In the 1920s, posters diversified to spotlight a variety of subjects and to promote government initiatives surrounding industrialization, health and children's welfare, and literacy (especially among women), among other priorities. Subject matter shifted from a focus on an immediate enemy to a focus on "persuading [viewers] of the benefits of whatever was the subject of that particular poster". At this point, posters again began being used to advertise state-produced products and to suggest that such products were readily available, normal to obtain, and superior to foreign goods. In many cases, posters directly linked socialism to the social programs or goods being promoted. Posters were used to discourage alcohol consumption beginning in the 1920s and continuing until the late 1980s.

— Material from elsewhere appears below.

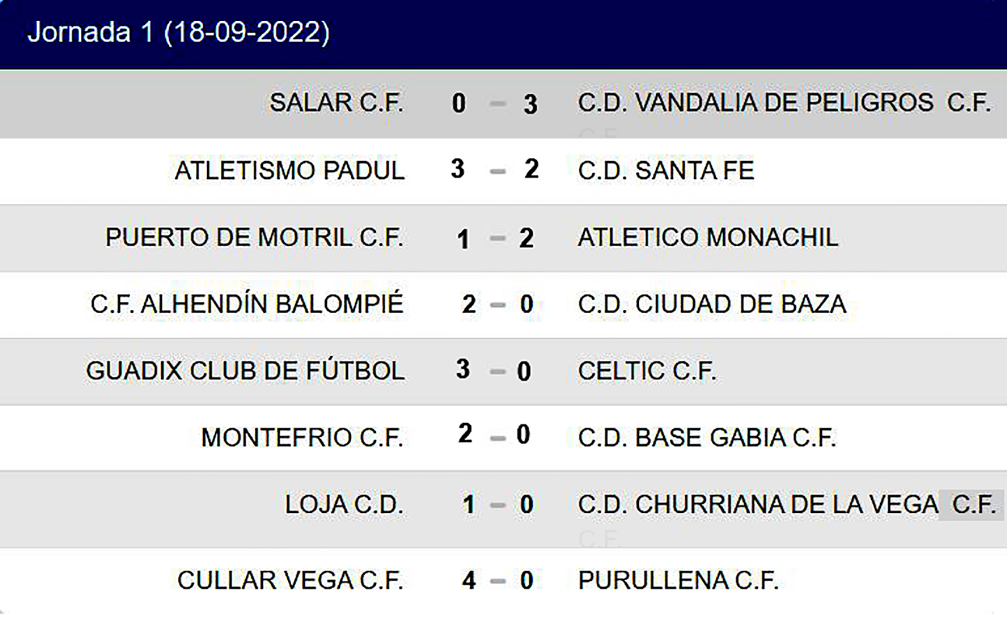 Resultados de la 1ª jornada en el grupo granadino de la Primera Andaluza Sénior:

In 1931, all poster production was centralized under the Art Department of the State Publishing House under the Central Committee. This led to a standardization of imagery and themes.

Beginning in the 1930s, as Stalin aimed to modernize the country, posters invoking the future shifted metaphors; while previously, the future was something approaching the country, now the country was represented by a vehicle such as a car, boat, or train, moving itself towards the future. Similarly, time was often portrayed as a race.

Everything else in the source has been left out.